Open wangraying opened 3 years ago
It should not hang. Can you see where the process is hung using gdb
?
@sjeaugey
Yes, I checked the hanged process using gdb
.
It seems two threads are waiting on clock_gettime
.
Thread 1:
(gdb) where
#0 0x00007ffee4abb6c2 in clock_gettime ()
#1 0x00007f979399ed36 in __GI___clock_gettime (clock_id=4, tp=0x7ffee4a8abb0) at ../sysdeps/unix/clock_gettime.c:115
#2 0x00007f96fee2b70e in ?? () from /usr/lib/x86_64-linux-gnu/libcuda.so.1
#3 0x00007f96fef04837 in ?? () from /usr/lib/x86_64-linux-gnu/libcuda.so.1
#4 0x00007f96fedccb6c in ?? () from /usr/lib/x86_64-linux-gnu/libcuda.so.1
#5 0x00007f96fed02f4f in ?? () from /usr/lib/x86_64-linux-gnu/libcuda.so.1
#6 0x00007f96fee87259 in cuMemFree_v2 () from /usr/lib/x86_64-linux-gnu/libcuda.so.1
#7 0x00007f97160362c0 in cudart::cudaApiFree(void*) () from /home/wangrui08/bagua-sys/bagua-core/python/bagua_core/.data/lib/libnccl.so
#8 0x00007f97160683e1 in cudaFree () from /home/wangrui08/bagua-sys/bagua-core/python/bagua_core/.data/lib/libnccl.so
#9 0x00007f9715fb2b06 in commFree (comm=0x55d5d2790840) at init.cc:204
#10 commDestroy (comm=comm@entry=0x55d5d2790840) at init.cc:990
#11 0x00007f9715fb9a15 in ncclCommAbort (comm=0x55d5d2790840) at init.cc:1026
Thread 7
(gdb) bt
#0 0x00007ffee4abb6c2 in clock_gettime ()
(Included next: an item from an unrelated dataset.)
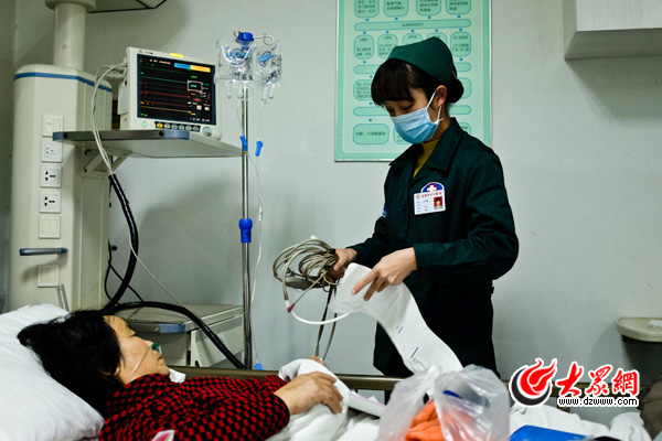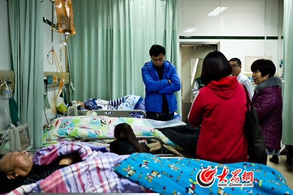 匆匆吃過早飯,大眾網記者便直奔淄博市中心醫院。一踏進急診科,門外濃濃的“年味兒”就蕩然無存了——在患者身邊陪護的家人個個愁眉緊鎖,一臺臺心電監護設備工作著,急診科的“綠衣人”們忙著照顧患者,幾乎無暇與記者交流,往往一個話題剛開頭,就急匆匆走開了……記者拿過記錄表一看,在過去24個小時內,這里共收治了四五十名患者,其中很多危重患者。

#1 0x00007f979399ed36 in __GI___clock_gettime (clock_id=4, tp=0x7f96ddffcb90) at ../sysdeps/unix/clock_gettime.c:115
#2 0x00007f96fee2b70e in ?? () from /usr/lib/x86_64-linux-gnu/libcuda.so.1
#3 0x00007f96fef04837 in ?? () from /usr/lib/x86_64-linux-gnu/libcuda.so.1
#4 0x00007f96fee1355c in ?? () from /usr/lib/x86_64-linux-gnu/libcuda.so.1
#5 0x00007f96fee136b9 in ?? () from /usr/lib/x86_64-linux-gnu/libcuda.so.1
#6 0x00007f96fed122dd in ?? () from /usr/lib/x86_64-linux-gnu/libcuda.so.1
#7 0x00007f96feeafa39 in cuStreamSynchronize () from /usr/lib/x86_64-linux-gnu/libcuda.so.1
#8 0x00007f977b3b2060 in ?? () from /root/miniconda/envs/py37/lib/python3.7/site-packages/torch/lib/../../../../libcudart.so.10.1
#9 0x00007f977b3f38ed in cudaStreamSynchronize () from /root/miniconda/envs/py37/lib/python3.7/site-packages/torch/lib/../../../../libcudart.so.10.1
In my program, I called ncclCommAbort
in one thread, and called cudaStreamSynchronize
in another thread to synchronize the stream on the nccl communicator.
I also checked nvidia-smi
, showing that there is one gpu is of 100% usage.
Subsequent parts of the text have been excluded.